CRE Investment Sales Begin to Slow
June 8, 2022 | Erik Sherman | GlobeSt.com
Two things can make a big dent in commercial real estate sales: prices and financing costs. Markets have faced a double whammy. Not only have prices continued to rise, albeit at a slower rate than before, but Federal Reserve attempts to stem an incoming inflation tide have meant higher interest rates.

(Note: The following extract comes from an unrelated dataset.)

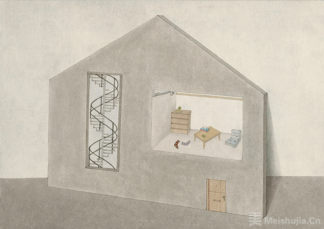 空城是一种“空”的结构性显影。史子涵将它从不同的现实中抽离出来,形成她自己的建筑群或空间群,它们不依附于任何具体地理坐标,却精准映射着现代人精神栖居的疏离与凝滞;每扇虚掩的窗、每个冰凉的空调、每堵僵硬的墙、每把沉默的钥匙等等,都成为她自我解剖的切片,成为她对“家”的重新定义——不是归处,而是开口;不是庇护所,而是记忆剖面的深沉情感。因此,她的空城便是她精神与身体的“冷记忆”。

And now, commercial property sales are slowing, according to a Wall Street Journalreport. “Property sales were $39.4 billion in April, which was down 16% compared with the same month a year ago, according to MSCI Real Assets,” the paper noted. “The decline followed 13 consecutive months of increases.”
Sales in multiple categories had been growing since the onset of the pandemic. Multifamily and industrial have been particularly hot for two reasons. One, each was needed. The move to online shopping during the heavy days of the pandemic boosted the need for warehouse and logistics space. A shift of people from some major cities to the West and South, as the Census Bureau documented, along with companies either abandoning old headquarters or expanding regional presence means a need for more housing.
The second reason was that CRE money goes where the people are and demands are hottest. Cap rates followed because investors bid against each other for a smaller pool of deals, driving up prices. The motivation was the expectation of rising rents that, even with higher prices, would keep more cash coming in and act as a hedge against inflation and an uncertain future.